11-13-2005, 09:54 AM
Quote:In a research note prepared for Info-Tech Research Group members, Armstrong outlines five reasons for an enterprise to ban Skype:
- Skype is not standards-compliant, allowing it and any vulnerability to
pass through corporate firewalls.
- Skype's encryption is closed source and prone to man-in-the-middle
attacks. There are also some unanswered questions about how well the
keys are managed.
- Enterprises using Skype risk a communication barrier with countries
and institutions that have already banned the service.
- Skype is undetectable, untraceable, and unauditable, putting
organizations that are subject to compliance laws at risk.
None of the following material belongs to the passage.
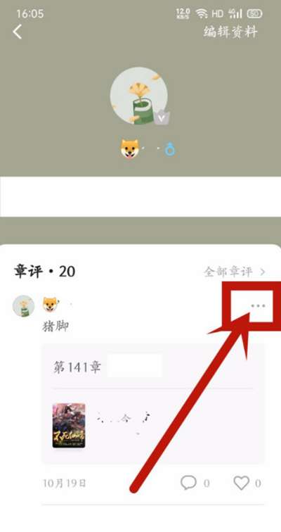 3、然后这里会有我们所有的评论记录,我们找到想删除的那条评论,接着点击右上角的三个点。

- The question of whether VoIP calls constitute a business record is a
legal quagmire. Throwing Skype into the communications mix further
clouds the issue.
Comments Armstrong, "The bottom line is that even a mediocre hacker could take advantage of a Skype vulnerability...
full press release: http://biz.yahoo.com/prnews/051110/to217.html?.v=15
article: Should businesses ban Skype? Or is it enough to police usage?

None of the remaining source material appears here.